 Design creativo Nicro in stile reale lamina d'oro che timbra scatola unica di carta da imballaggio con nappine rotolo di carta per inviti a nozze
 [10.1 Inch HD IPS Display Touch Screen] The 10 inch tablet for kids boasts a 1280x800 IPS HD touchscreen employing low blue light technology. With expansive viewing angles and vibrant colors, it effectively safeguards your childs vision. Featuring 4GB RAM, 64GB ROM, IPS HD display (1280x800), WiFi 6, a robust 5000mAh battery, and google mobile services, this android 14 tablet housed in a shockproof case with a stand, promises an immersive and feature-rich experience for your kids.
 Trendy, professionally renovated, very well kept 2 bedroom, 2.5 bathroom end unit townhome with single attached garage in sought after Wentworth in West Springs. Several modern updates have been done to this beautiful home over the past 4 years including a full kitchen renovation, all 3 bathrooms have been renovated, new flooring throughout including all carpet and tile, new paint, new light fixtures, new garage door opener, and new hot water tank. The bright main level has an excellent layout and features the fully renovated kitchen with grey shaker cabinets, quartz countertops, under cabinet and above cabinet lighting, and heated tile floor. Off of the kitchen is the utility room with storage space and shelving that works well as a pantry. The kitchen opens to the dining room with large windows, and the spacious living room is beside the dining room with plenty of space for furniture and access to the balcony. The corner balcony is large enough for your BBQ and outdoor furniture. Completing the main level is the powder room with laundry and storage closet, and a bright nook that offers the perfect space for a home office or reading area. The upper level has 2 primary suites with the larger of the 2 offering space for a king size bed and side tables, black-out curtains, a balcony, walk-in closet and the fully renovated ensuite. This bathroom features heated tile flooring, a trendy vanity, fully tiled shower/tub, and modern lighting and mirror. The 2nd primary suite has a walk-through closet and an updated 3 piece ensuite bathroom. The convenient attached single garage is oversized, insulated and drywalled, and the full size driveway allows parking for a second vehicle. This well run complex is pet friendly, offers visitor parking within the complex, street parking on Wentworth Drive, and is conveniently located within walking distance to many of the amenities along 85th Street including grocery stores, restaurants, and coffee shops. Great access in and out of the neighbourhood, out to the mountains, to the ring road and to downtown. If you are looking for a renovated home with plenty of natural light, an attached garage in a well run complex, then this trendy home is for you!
...
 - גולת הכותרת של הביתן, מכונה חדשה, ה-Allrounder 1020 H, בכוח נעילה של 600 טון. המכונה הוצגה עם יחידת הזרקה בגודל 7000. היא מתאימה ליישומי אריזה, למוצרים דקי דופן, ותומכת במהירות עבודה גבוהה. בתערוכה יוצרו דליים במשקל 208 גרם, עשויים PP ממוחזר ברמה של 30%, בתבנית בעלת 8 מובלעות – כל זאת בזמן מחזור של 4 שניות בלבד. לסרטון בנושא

BRIEF: Within the listing above, give again exactly every line from the line with "Design creativo Nicro" through the line with "[10.1 Inch HD", both included, and no other line.

OUTPUT:
 Design creativo Nicro in stile reale lamina d'oro che timbra scatola unica di carta da imballaggio con nappine rotolo di carta per inviti a nozze
 [10.1 Inch HD IPS Display Touch Screen] The 10 inch tablet for kids boasts a 1280x800 IPS HD touchscreen employing low blue light technology. With expansive viewing angles and vibrant colors, it effectively safeguards your childs vision. Featuring 4GB RAM, 64GB ROM, IPS HD display (1280x800), WiFi 6, a robust 5000mAh battery, and google mobile services, this android 14 tablet housed in a shockproof case with a stand, promises an immersive and feature-rich experience for your kids.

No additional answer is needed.